Myanmar violence signals growing Muslim desperation
Attempts to bring stability to Myanmar’s strategic northwest Rakhine State could be unravelling after police opened fire on Rohingya Muslims for the third time in two months, reviving tensions in a region beset by religious violence last year.Updated: Aug 13, 2013 00:08 IST
Attempts to bring stability to Myanmar’s strategic northwest Rakhine State could be unravelling after police opened fire on Rohingya Muslims for the third time in two months, reviving tensions in a region beset by religious violence last year.
Villages outside the state capital Sittwe remain volatile after a dispute over custody of a dead Rohingya quickly escalated into a day of clashes on Friday in which police raked Rohingya crowds with gunfire, according to witnesses.
The violence underscores the growing Rohingya desperation in the face of an increasingly unsparing police response.
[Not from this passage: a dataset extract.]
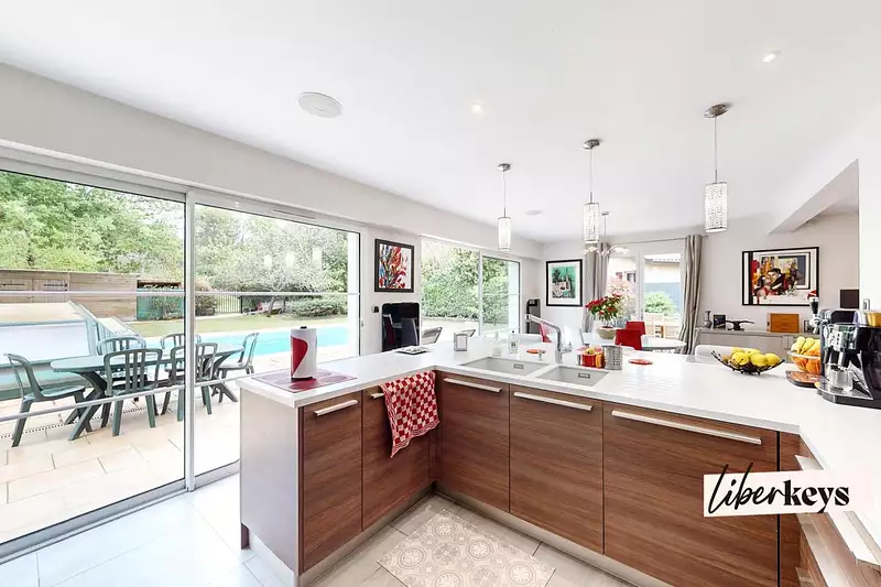 Liberkeys est ravie de vous présenter cette élégante maison d'une surface de 173 m², dans le secteur de Pessac Cap-de-Bos, proche du parc du Bourghail, reposant sur une parcelle de 1044 m² avec piscine chauffée et sécurisée.
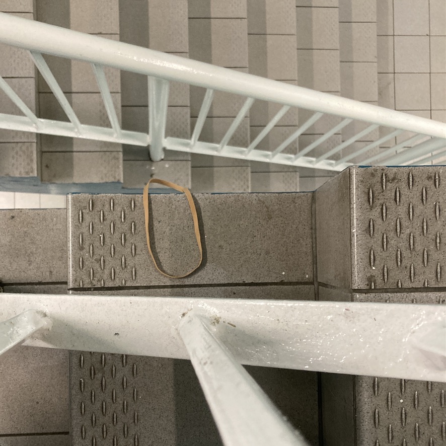 #ElasticBandPhotos ‘Welwyn Garden City 1’: A discarded elastic band in a stairwell in the shopping centre at Welwyn Garden City.

At least two people were killed and more than a dozen injured, locals said.
The renewed tensions come despite government efforts to bring calm to Rakhine State, after two eruptions of communal violence with ethnic Rakhine Buddhists last year killed at least 192 people and left 140,000 homeless, mostly Rohingya.
The battered corpse of the fisherman washed ashore at Ohntawgyi village after Friday morning prayers, triggering a day of clashes in which police raked crowds of Rohingya with gunfire.
A military intelligence source in Sittwe put the toll at one dead and nine injured, while the state-run New Light of Myanmar newspaper said only three people had suffered “minor injuries”.
Apartheid-like policies have segregated Buddhists from Muslims, many of whom fester in primitive camps for internally displaced people (IDPs) with little hope of resettlement.
A Reuters photographer and video journalist who visited the area said the situation remained tense as Tomas Ojea Quintana, UN special rapporteur on human rights in Myanmar, arrived in Sittwe on Monday.